In discussing how executives now make decisions, and how they will make them in the future, let us distinguish two polar types of decisions. I shall call them programmed decisions and non programmed decisions, respectively. Having christened them, I hasten to add that they are not really distinct types, but a whole continuum, with highly programmed decisions at one end of that continuum and highly unprogrammed decisions at the other end. . . . I use the terms programmed and non programmed simply as labels for the black and the white of the range.

When I first encountered these terms, I was fascinated. As a member of the computer and operations research community, I was gratified to have the word "program" associated with executive decision making. This added an aura of importance to our priesthood of organizational rationalists.

Decisions are programmed to the extent that they are repetitive and routine, to the extent that a definite procedure has been worked out for handling them so that they don't have to be treated de novo each time they occur. The obvious reason why programmed decisions tend to be repetitive, and vice versa, is that if a particular problem recurs often enough, a routine procedure will usually be worked out for solving it. Numerous examples of programmed decisions in organizations will occur to you: pricing ordinary customers' orders; determining salary payments to employees who have been ill; reordering office supplies.

This was my stock in trade before I returned to get a Ph.D. My work was to take manual procedures and the decisions embedded in them and turn them into computer programs and mathematical models. I was a linear programming model builder and a Fortran and Cobol programmer for scientific and business procedures. I also used simulation languages such as GPSS to model stochastic processes.

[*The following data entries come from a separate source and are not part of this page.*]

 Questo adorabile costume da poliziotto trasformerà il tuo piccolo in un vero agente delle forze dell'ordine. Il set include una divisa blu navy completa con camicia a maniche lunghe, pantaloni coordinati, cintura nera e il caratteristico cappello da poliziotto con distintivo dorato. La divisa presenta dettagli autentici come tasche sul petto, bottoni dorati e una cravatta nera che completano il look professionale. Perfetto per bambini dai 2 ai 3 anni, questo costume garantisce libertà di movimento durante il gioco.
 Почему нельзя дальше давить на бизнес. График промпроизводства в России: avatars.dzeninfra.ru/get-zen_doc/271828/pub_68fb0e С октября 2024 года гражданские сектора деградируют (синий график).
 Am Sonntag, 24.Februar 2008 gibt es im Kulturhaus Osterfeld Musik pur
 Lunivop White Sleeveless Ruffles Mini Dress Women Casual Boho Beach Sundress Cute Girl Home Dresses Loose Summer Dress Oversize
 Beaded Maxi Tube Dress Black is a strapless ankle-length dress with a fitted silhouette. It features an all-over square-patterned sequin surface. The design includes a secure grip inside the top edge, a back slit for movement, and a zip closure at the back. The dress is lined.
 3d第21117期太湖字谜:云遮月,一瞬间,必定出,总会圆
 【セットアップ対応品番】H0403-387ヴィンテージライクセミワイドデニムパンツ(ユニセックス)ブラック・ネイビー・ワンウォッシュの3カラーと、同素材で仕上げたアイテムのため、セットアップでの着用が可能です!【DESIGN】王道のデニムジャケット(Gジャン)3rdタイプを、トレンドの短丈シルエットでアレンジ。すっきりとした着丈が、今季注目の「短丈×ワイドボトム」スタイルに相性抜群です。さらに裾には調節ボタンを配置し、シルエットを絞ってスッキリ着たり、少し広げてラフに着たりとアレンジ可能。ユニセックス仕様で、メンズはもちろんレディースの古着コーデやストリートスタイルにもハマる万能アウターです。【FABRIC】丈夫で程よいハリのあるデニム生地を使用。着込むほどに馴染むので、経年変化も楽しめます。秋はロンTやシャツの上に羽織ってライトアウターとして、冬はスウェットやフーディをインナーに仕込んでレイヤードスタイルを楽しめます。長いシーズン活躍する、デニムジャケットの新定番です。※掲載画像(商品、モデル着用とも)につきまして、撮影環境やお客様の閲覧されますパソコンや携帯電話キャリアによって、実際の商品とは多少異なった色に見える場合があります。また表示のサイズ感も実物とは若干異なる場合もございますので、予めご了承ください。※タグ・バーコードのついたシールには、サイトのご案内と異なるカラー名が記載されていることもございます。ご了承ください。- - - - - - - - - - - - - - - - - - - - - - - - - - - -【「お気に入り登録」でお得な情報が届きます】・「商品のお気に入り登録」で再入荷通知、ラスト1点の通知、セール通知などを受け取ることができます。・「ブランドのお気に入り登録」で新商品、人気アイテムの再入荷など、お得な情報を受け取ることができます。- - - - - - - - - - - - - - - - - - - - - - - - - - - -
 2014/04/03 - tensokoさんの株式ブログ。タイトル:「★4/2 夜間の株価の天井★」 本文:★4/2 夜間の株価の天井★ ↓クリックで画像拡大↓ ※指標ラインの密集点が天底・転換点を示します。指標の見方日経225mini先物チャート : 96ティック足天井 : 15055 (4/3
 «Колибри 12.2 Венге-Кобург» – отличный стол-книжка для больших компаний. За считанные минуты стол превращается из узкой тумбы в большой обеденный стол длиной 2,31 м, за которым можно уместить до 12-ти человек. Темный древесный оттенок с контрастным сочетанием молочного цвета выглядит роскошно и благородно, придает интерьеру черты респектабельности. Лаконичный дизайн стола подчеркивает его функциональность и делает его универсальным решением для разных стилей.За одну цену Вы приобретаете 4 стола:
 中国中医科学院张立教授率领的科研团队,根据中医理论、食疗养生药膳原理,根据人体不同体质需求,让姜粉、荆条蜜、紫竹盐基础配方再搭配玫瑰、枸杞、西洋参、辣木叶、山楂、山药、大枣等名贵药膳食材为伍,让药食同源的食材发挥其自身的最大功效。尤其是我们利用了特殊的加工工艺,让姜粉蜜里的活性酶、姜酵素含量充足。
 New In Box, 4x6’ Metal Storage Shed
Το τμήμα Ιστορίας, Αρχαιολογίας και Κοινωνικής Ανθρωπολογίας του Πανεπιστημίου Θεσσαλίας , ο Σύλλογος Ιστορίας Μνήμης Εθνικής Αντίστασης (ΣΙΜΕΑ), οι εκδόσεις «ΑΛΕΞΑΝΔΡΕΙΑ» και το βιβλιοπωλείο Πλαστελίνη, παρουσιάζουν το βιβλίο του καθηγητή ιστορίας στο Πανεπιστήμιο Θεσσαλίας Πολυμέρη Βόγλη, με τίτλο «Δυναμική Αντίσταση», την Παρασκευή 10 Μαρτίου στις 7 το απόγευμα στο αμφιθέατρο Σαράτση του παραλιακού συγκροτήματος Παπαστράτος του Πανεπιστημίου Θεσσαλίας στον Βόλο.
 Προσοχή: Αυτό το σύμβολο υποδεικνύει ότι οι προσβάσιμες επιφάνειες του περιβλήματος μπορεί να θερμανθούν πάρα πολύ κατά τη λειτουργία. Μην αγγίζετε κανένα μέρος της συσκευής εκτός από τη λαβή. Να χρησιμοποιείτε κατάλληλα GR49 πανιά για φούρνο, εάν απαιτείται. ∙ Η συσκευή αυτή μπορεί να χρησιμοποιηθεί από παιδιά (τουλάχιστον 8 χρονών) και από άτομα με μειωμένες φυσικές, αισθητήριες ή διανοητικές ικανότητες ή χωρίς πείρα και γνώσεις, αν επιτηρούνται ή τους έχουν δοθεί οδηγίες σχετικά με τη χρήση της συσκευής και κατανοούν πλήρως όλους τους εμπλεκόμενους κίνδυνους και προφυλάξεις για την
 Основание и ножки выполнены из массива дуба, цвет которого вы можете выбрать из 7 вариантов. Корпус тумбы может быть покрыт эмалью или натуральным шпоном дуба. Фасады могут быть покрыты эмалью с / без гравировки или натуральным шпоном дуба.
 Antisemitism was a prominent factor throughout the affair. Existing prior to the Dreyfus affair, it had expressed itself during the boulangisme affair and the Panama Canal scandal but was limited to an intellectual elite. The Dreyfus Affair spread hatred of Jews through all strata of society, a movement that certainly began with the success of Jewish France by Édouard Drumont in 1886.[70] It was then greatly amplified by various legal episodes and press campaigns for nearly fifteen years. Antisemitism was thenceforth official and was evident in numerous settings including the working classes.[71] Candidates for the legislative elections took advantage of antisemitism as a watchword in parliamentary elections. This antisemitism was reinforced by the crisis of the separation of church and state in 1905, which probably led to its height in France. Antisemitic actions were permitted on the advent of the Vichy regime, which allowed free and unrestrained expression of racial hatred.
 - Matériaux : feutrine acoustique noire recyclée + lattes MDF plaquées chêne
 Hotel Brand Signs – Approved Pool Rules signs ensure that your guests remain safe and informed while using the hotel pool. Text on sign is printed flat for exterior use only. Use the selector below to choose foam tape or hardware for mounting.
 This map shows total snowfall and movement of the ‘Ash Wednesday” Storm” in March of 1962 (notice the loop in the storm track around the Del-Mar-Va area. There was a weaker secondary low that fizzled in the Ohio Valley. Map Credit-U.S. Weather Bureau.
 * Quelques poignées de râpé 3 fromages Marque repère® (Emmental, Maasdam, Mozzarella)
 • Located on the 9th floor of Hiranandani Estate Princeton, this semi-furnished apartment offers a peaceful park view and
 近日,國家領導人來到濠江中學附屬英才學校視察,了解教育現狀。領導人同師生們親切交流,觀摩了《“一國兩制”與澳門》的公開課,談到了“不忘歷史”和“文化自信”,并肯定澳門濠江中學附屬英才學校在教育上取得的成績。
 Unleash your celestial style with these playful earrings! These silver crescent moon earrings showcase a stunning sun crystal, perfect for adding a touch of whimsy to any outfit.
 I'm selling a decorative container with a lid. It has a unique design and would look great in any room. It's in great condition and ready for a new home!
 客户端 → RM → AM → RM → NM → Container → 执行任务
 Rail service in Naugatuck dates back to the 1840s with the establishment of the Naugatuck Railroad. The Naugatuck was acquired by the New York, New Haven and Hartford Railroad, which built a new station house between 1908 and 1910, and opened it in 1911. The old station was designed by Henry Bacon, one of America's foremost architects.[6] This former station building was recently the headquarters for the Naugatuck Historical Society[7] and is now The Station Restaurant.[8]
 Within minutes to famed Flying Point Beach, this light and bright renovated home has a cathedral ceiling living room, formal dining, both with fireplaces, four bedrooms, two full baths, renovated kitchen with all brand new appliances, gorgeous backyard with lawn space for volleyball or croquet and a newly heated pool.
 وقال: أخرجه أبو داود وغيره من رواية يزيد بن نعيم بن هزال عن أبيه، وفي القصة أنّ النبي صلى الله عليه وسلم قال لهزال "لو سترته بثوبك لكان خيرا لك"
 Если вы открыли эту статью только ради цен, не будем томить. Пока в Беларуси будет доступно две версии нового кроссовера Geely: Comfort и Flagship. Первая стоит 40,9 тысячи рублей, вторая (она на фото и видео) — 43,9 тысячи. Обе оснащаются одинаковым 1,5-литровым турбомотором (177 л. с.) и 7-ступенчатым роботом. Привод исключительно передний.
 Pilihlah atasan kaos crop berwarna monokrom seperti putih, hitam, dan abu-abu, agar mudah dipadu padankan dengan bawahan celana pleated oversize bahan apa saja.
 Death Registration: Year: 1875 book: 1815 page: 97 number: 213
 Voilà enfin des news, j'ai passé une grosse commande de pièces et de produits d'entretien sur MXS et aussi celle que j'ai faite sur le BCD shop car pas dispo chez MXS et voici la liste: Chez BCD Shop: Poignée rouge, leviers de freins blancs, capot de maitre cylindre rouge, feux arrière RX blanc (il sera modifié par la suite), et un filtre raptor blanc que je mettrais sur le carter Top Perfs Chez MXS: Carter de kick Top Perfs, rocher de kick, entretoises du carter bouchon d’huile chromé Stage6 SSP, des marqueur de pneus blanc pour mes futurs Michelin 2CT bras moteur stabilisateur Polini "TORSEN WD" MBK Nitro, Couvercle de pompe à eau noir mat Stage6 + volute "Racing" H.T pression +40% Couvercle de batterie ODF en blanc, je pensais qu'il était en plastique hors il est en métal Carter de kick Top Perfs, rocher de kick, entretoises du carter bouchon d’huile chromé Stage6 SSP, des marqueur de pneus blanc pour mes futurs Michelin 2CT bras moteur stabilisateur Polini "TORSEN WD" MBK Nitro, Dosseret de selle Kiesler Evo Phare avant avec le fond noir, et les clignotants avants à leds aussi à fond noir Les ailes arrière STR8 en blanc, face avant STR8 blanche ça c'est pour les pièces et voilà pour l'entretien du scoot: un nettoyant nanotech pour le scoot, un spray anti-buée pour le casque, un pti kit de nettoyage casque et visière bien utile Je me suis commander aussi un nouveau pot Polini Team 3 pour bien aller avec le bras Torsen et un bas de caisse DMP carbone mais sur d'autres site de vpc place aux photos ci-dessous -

Decisions are non programmed to the extent that they are novel, unstructured, and consequential. There is no cut and dried method for handling the problem because it hasn't arisen before, or because its precise nature and structure are elusive or complex, or because it is so important that it deserves a custom tailored treatment. General Eisenhower's D-Day decision is a good example of a non programmed decision. . . . Many of the components of the decisions were programmed - by standard techniques for military planning - but before these components could be designed they had to be provided with a broader framework of military and political policy.

If the activity was not repetitive and rationally understandable, I was not interested in what an executive did. When managers were not clear about how they did a routine task, my responsiblity was to work with them using systems analysis to figure out the logic behind their processes. It was troubling that some problem situations did not yield to my rational analysis.

I have borrowed the term program from the computer trade, and intend it in the sense in which it is used there. A program is a detailed prescription or strategy that governs the sequence of responses of a system to a complex task environment. Most of the programs that govern organizational response are not as detailed or as precise as computer programs. However, they all have the same intent: to permit an adaptive response of the system to the situation.

I had a different understanding of program: to ensure a deterministic rather than adaptive response to a situation. Absolute logic was essential, if A then B or whatever the decision rule was. This was true even in cases where some part of the process was stochastic. In those cases, the response could be counted on to follow a well defined statistical function.

In what sense, then, can we say that the response of a system to a situation is non programmed? Surely something determines the response. That something, that collection of rules of procedure, is by definition a program. By non programmed I mean a response where the system has no specific procedures to deal with situations like the one at hand, but must fall back on whatever general capacity it has for intelligent, adaptive, problem oriented action. In addition to his specific skills and specific knowledge, man has some general problem solving capacities. . . .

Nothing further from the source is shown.